As far as your first paragraph, I couldn't begin to figure out what you intend to say, if anything other than a jab at those who may have a different idea from yours. And incidentally, almost the entire world has a different idea from what I think you are trying to say, though I admit I really don't know what that is.

Just because there is a large voting block in the US that is hostile to any efforts to control our borders, does not mean that porous borders is good poicy, it only means that this policy fits the political interests of certain individuals, parties, or groups. Does Canada tacitly welcome illegals?
 
The Next Empire - Magazine - The Atlantic- (Free Article)

Seems like local people on the ground are less enthusiastic about international do-goodism than the do-gooders are. File under quixotic undertakings that ignore economic reality.

Davies calls the Chinese boom “a phenomenal success story for Africa,” and sees it continuing indefinitely. “Africa is the source of at least one-third of the world’s commodities”—commodities China will need, as its manufacturing economy continues to grow—“and once you’ve understood that, you understand China’s determination to build roads, ports, and railroads all over Africa.”
Davies is not alone in his enthusiasm. “No country has made as big an impact on the political, economic and social fabric of Africa as China has since the turn of the millennium,” writes Dambisa Moyo, a London-based economist, in her influential book, Dead Aid: Why Aid Is Not Working and How There Is a Better Way for Africa. Moyo, a 40-year-old Zambian who has worked as an investment banker for Goldman Sachs and as a consultant for the World Bank, believes that foreign aid is a curse that has crippled and corrupted Africa—and that China offers a way out of the mess the West has made.
“Between 1970 and 1998,” she writes, “when aid flows to Africa were at their peak, poverty in Africa rose from 11 percent to a staggering 66 percent.” Subsidized lending, she says, encourages African governments to make sloppy, wasteful decisions.
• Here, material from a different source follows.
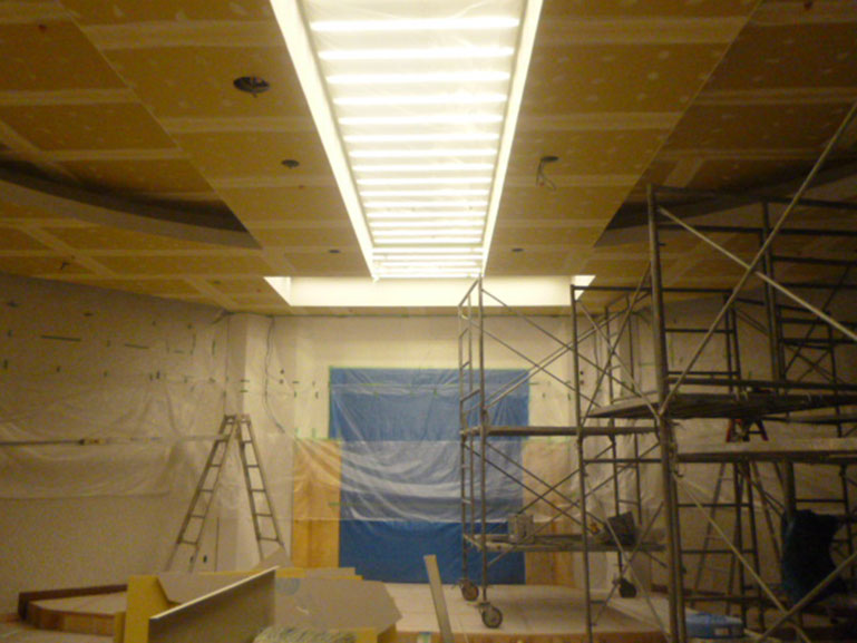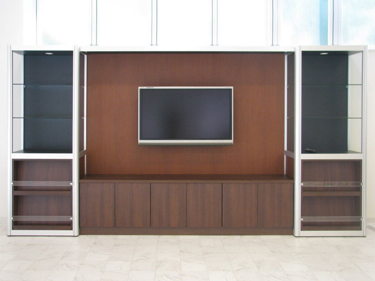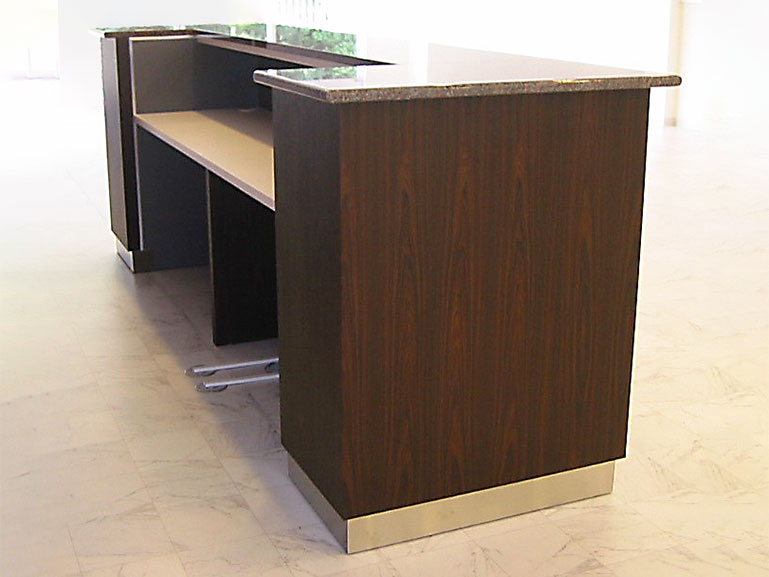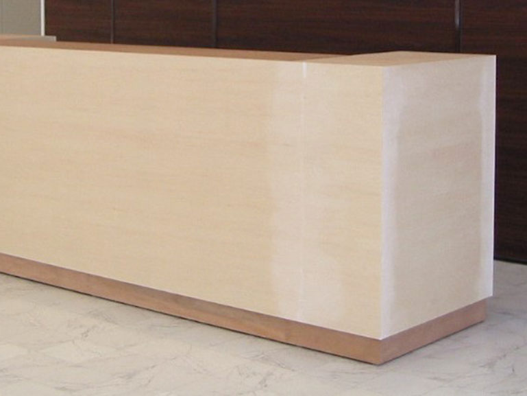 全面改修に伴い、お客様のご要望を元に造作にてテレビボードや受付カンターを製作しました。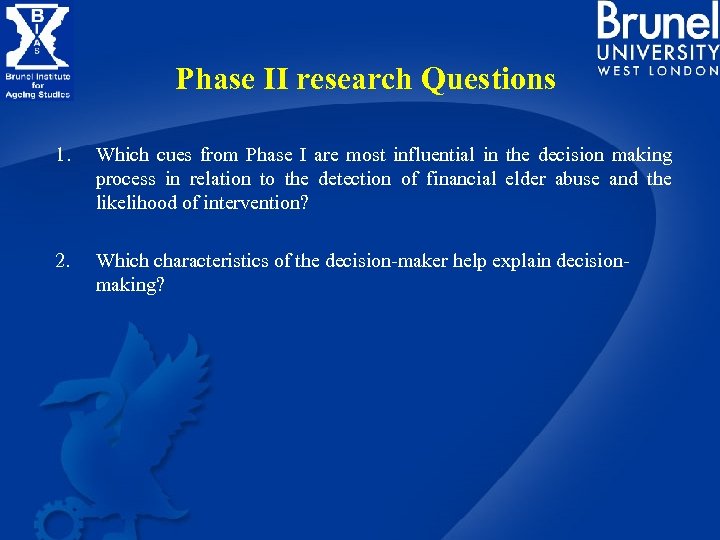 Phase II research Questions 1. Which cues from Phase I are most influential in the decision making process in relation to the detection of financial elder abuse and the likelihood of intervention? 2. Which characteristics of the decision-maker help explain decisionmaking?

It breeds corruption, by allowing politicians to siphon off poorly monitored funds. And it forestalls national development, which she says begins with the building of a taxation system and the attraction of foreign commercial capital. In Moyo’s view, even the West’s “obsession with democracy” has been harmful. In poor countries, she writes, “democratic regimes find it difficult to push through economically beneficial legislation amid rival parties and jockeying interests.” Sustainable democracy, she feels, is possible only after a strong middle class has emerged.

I don't have time to read the article now since I have to get ready for my son's high school graduation (yay!, 1 down & 2 to go) but I've been reading about China's approach for a long time. Definitely seems to be the better model. Certainly not altruistic on their part but you can bet the Chinese will be first in line when lucrative contracts are awarded. Africa is benefiting greatly but I'm sure they will be abused in some respects as well. More later, have to run.
 
Jobs must be created (or is a better word; invented?) before our "dream world" can become reality.
Right. And real private-sector jobs (the only ones that increase the wealth of our society) only come about when someone can use labor to produce more value for a customer than the labor costs. Jobs can't be an end in themselves, they are only a by-product of the process.

Whining about strangers showing up at the borders of the "land of opportunity" is only deverting our attention -- like the sleight-of-hand from a Magician.
Anyone who claims that ending illegal immigration would end US unemployment is being untruthful. Anyone who says it wouldn't reduce unemployment and also raise wages at the lower end of the scale is ignoring the obvious for some reason.


(And don't get me started on the rant that starts with: I am unaware of any members of this Forum who themselves or their ancestors did not immigrate to this country in the last 300 years.)
Does this rant happen to distinguish between those who break the law and those who don't? It's a useful distinction, I think.